Mar 6, 2026·5 min read·8 visits
The Vercel Workflow SDK allowed developers to set predictable tokens for public webhooks. Attackers can guess these tokens to manipulate running workflows without authentication. Fixed in version 4.2.0 by enforcing random token generation.
A high-severity vulnerability exists in the Vercel Workflow DevKit (`@workflow/core`) affecting the `createWebhook()` function. The vulnerability allows developers to manually specify predictable tokens for public webhook endpoints, leading to an Insecure Direct Object Reference (IDOR) flaw. Unauthenticated attackers can guess these tokens (e.g., `github_webhook:repo_name`) and send malicious POST requests to resume paused workflows, inject data, or trigger unauthorized state transitions. The vendor has patched this by removing the ability to specify custom tokens in favor of mandatory cryptographically secure identifiers.

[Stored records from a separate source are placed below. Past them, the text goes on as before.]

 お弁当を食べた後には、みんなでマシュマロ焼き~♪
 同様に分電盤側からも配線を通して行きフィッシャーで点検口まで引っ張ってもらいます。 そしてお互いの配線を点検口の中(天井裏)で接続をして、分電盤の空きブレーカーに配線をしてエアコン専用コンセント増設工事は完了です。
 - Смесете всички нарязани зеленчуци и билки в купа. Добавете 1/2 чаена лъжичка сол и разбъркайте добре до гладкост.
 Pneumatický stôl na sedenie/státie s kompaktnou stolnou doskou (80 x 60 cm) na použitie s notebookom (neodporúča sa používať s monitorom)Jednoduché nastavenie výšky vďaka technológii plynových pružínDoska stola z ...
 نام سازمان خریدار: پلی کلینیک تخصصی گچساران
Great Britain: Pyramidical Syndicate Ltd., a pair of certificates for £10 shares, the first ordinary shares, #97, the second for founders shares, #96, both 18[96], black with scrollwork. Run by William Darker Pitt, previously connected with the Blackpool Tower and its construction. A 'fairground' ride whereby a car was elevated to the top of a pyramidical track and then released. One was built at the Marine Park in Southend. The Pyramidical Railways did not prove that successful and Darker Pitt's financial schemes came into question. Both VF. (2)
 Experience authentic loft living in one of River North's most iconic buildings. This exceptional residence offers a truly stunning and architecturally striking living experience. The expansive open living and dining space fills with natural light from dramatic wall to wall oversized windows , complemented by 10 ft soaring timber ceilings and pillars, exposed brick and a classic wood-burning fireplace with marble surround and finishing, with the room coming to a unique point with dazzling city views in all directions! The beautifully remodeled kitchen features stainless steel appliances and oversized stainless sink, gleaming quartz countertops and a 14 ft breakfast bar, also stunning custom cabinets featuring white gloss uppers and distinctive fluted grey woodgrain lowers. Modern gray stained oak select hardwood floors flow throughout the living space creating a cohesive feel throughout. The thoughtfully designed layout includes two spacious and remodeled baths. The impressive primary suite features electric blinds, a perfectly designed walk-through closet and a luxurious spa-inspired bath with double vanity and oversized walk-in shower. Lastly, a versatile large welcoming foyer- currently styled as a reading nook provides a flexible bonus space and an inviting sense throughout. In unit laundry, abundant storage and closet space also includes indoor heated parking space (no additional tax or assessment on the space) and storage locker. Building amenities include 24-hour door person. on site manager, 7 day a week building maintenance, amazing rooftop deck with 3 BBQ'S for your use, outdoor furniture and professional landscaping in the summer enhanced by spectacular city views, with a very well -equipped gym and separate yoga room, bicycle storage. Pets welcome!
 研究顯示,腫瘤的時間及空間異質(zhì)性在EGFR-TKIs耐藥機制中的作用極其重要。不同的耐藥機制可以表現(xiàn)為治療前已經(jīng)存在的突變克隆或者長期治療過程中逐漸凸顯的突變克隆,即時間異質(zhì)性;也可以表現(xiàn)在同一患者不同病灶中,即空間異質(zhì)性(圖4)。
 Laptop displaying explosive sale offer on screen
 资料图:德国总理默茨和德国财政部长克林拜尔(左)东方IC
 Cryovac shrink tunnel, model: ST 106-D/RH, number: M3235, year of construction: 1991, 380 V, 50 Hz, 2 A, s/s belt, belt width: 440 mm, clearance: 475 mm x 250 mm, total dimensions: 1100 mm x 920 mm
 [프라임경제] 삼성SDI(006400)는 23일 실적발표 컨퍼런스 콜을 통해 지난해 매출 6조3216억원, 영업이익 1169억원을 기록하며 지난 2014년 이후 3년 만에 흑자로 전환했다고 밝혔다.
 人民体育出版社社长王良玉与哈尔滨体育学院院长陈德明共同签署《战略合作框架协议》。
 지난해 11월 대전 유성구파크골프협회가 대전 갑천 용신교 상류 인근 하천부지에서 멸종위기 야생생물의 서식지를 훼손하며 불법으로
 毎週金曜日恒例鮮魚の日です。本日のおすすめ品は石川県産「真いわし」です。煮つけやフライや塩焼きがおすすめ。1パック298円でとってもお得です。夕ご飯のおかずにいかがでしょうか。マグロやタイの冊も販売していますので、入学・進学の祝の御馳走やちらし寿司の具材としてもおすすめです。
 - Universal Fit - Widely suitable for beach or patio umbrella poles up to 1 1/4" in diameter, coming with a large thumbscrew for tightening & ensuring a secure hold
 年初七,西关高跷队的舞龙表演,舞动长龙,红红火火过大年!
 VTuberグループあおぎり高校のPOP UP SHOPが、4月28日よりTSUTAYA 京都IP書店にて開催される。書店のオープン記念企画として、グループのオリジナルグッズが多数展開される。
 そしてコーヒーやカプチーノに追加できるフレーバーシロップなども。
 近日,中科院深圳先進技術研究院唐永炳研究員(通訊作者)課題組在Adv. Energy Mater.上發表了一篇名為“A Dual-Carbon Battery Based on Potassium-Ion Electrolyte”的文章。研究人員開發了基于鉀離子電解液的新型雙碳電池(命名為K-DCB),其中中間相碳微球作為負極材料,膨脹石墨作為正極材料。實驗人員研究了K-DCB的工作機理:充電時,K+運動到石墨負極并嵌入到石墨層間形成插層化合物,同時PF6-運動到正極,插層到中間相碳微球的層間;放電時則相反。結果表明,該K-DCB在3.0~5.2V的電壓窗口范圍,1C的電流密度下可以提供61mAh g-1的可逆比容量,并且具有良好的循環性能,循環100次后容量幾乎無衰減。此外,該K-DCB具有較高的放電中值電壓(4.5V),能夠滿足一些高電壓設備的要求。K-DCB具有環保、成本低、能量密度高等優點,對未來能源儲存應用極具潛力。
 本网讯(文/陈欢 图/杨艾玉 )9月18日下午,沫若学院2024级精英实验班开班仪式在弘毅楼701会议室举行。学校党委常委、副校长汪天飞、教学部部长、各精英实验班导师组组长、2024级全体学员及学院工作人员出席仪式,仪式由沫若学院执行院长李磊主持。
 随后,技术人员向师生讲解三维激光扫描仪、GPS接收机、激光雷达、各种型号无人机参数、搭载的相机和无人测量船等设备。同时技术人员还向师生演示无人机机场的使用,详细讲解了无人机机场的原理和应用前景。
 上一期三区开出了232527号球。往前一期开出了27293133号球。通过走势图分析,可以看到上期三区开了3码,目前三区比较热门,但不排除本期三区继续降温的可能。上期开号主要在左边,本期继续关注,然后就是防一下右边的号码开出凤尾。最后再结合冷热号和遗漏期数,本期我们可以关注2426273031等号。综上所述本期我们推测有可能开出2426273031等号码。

The Vercel Workflow DevKit provides a framework for building durable, long-running workflows in TypeScript. A core feature of this library is the ability to pause a workflow and wait for an external event via a webhook. This is implemented using the createWebhook() function, which generates a unique URL that external services (like Stripe or GitHub) can call to resume execution.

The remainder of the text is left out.